Grimmish

 


A self-published novel making the Miles Franklin Award shortlist was a first, and a wonderful story. Author Michael Winkler and his agent had tried it everywhere, and no one was interested, so Winkler made the painful decision to print his own copies. I am not sure if it was gumption or a smart agent, but the book ended up being read by some of Australia’s best novelists (J.M. Coetzee and Helen Garner) and things took off from there. The shortlisting means that Grimmish is now published by Puncher & Wattmann, and in the UK by Peninsula Press. The man must be kicking himself.

What to make of the novel? The story, as such, is a retelling of Joe Grimm’s 1908-09 tour of Australia, where he seems to have continued his form of being a boxer famous for being able to absorb punishment without the ability to land the killer blow himself. Winkler has done a lot of research, and much of this appears in footnotes written in a playful, academic tone. Some notes explain allusions to other texts, or thoughts of the narrator (for example, a quotation from Jeanette Winterson’s Oranges Are Not the Only Fruit [p.19]). Speaking as someone who has been through the time-consuming process of contacting publishers for permission to quote from a only a handful works, I am confused about how Winkler managed do this so liberally – but who knows.

There are many aspects of the novel I enjoyed a great deal, and I would summarise these as relating to a) playful language of narrator/author, b) wildly inventive ways of reframing the narrative, c) metafictional elements [in truth, all three are related]. To take a page with its corner folded,

I was talking with my wife and my son, I said to my uncle, and my wife said what are you working on, but you know it’s okay if you are not telling me. We have been together a lot of years and she knows that I am cactus prickly about discussing what I’m writing until it’s written. And my son said it’s the exploded non-fiction novel with Grim and the goat, and my wife said I’m not sure if that is a real answer or you’re just joking (p.116).

As a piece of narration, this opening to a chapter sounds like an author talking to the reader about the trials and tribulations of being a writer (a form of self-punishment, really – and you may as well be speaking to a goat).

Another example of a folded page. (What better way to get into something I liked?).

I notice, I said to my uncle, that you are rampaging about in rural and remote Australia without ever encountering a First Nations person. I’m a little surprised.

I’m surprised that you’re surprised, he said … My mob, non-Indigenous Australians, are almost crazed with desire for their art, their blessing, their music, their knowledge, access for the rapacious academic researchers who descend from every corner to probe and prod and provoke and proclaim to questionable effect … (p.123).

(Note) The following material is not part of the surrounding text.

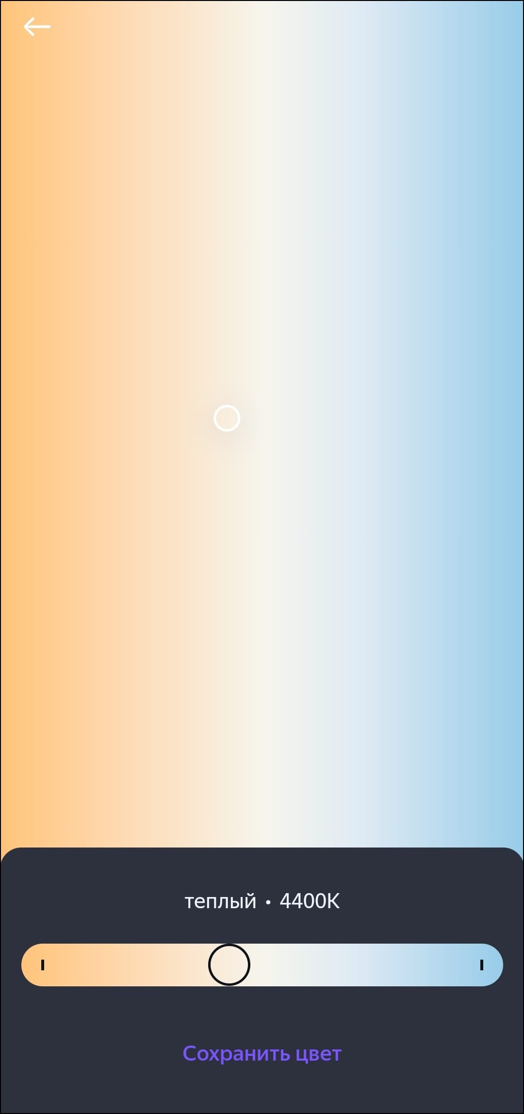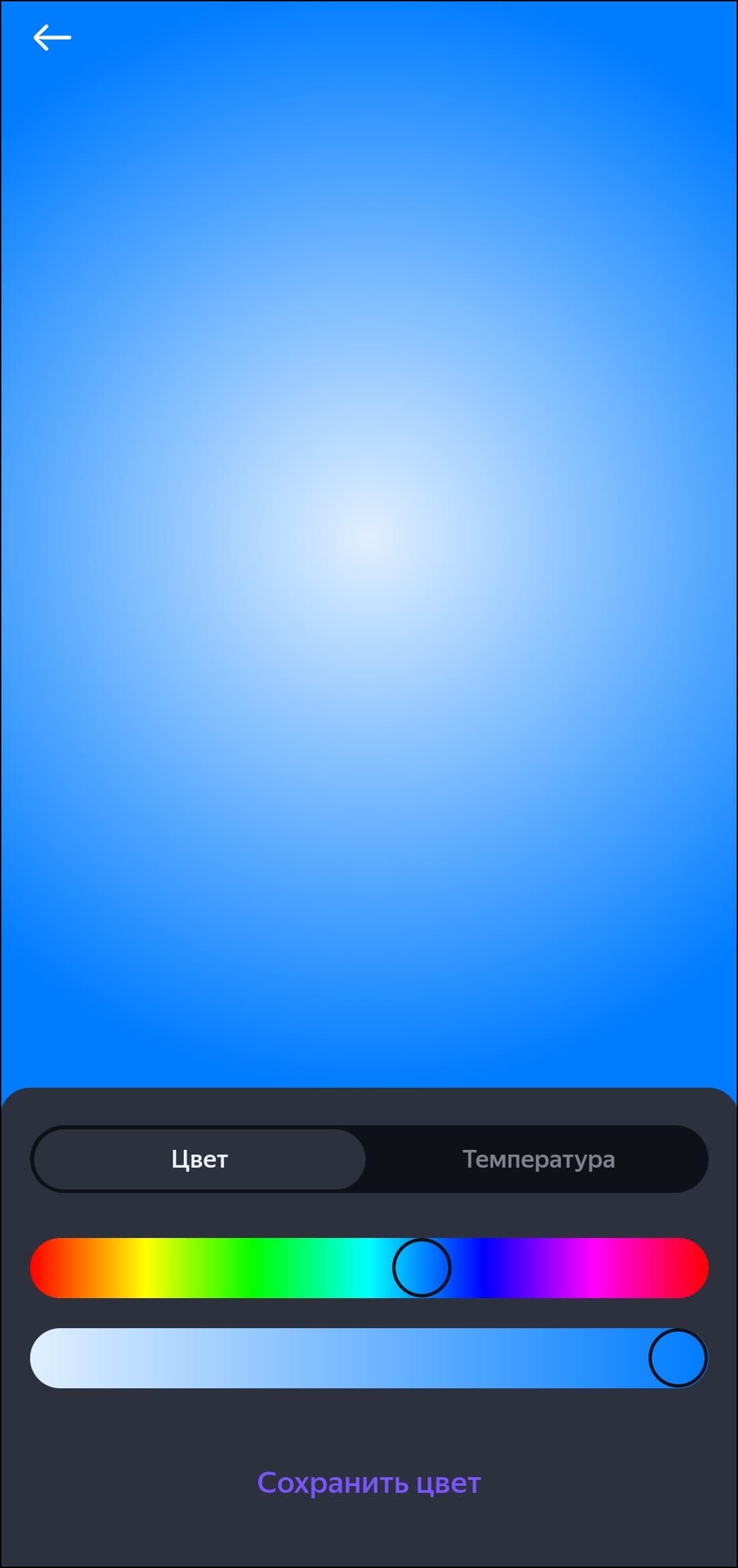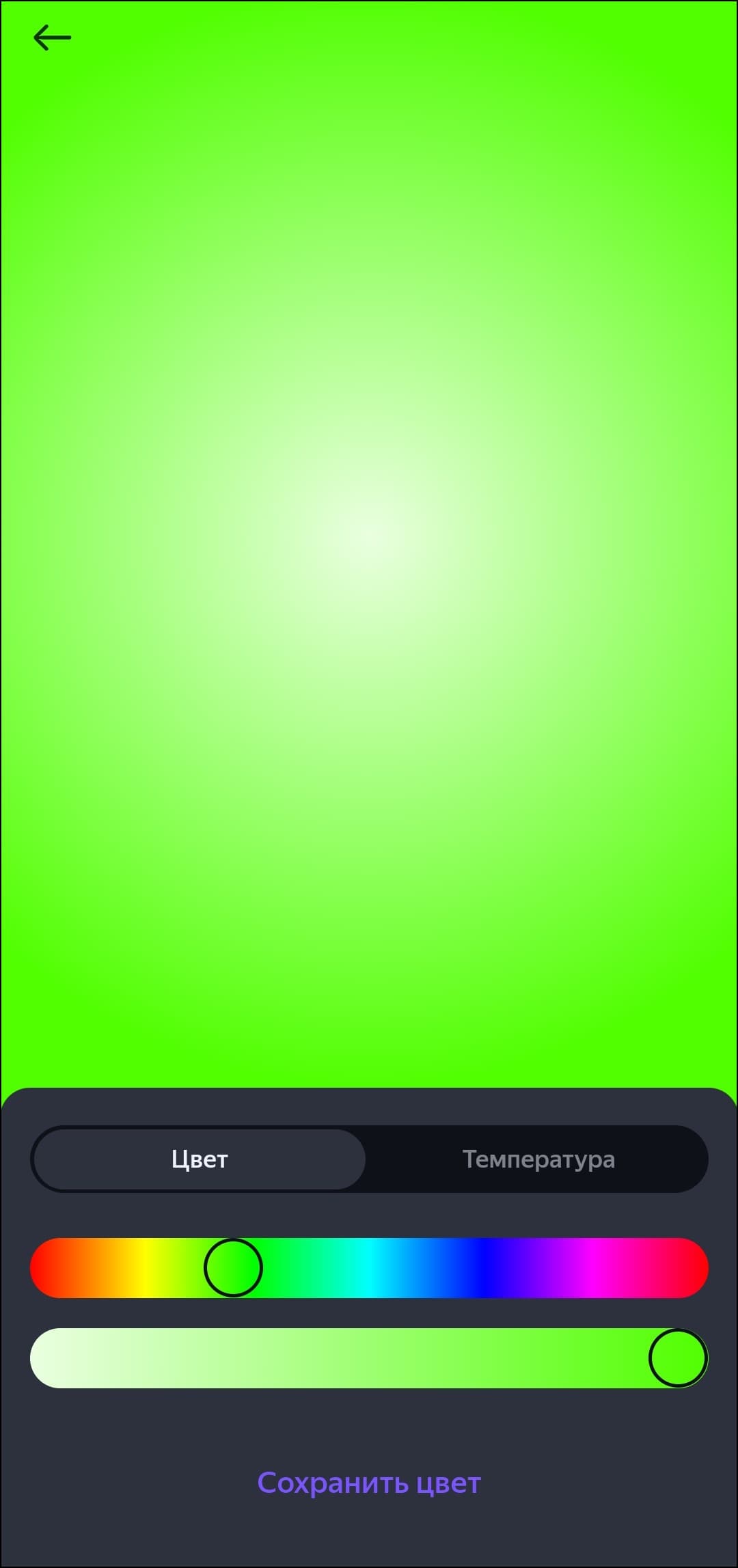 Список доступных опций стандартный для RGB-лампочек «Яндекса», всё на месте — от «режима чтения» до гибкой настройки цвета свечения.

Here we have the writer questioning the storyteller (uncle) and the uncle firing back in plain terms his feelings about the ethical quandary of the non-Indigenous writer representing a culture that isn’t his own (and the questionable motives of doing so). On another level, just look at the lovely alliteration of ‘probe and prod’ and ‘provoke and proclaim’. In this example we have playful language, and metafictional elements that extend beyond the section quoted (‘And you fix that by writing a book without Aboriginal characters?’ [p. 135]).

I’ll leave it to others to make sense of the talking goat (as reported by the uncle to his nephew, the storyteller to the writer-figure) and conclude with a passage that every writer must ponder when writing a manuscript, he (in his heart) isn’t sure is publishable.

I’ve got bored, he said. Bored of words. Look at this place! Sitting here in the valley of the mountain of words, which is all I’ve accumulated in a lifetime, that and a few suspect memories … I should have been painting watercolours of quetzals and cassowaries, should have taught children how to repair bicycle, should have made love to at least one person from every country in the world, should have started a laughter farm … But no, I chose words. Goddamn words. I wish there was any other way to get to the end of this too-long Grim tale. Bored, bored, bored! But you’ve come this far. I’ll push on (p. 166).

I’m glad that the uncle continued his ‘bibliotherapy’ (p. 167) and the writer Winkler kept going with words instead of watercolours, however purposeless that must have felt at times. It may be unfair to take a passage like the above on so literally, but this is a non-fiction novel, and the frustration and self-doubt rings true. The last lines of the novel directly connect the writer and boxer, as in the phrase ‘We’ve settled on twenty stanzas. It’s an appropriately exhausting experience … Meanwhile I treasure each and every round’ (p. 251).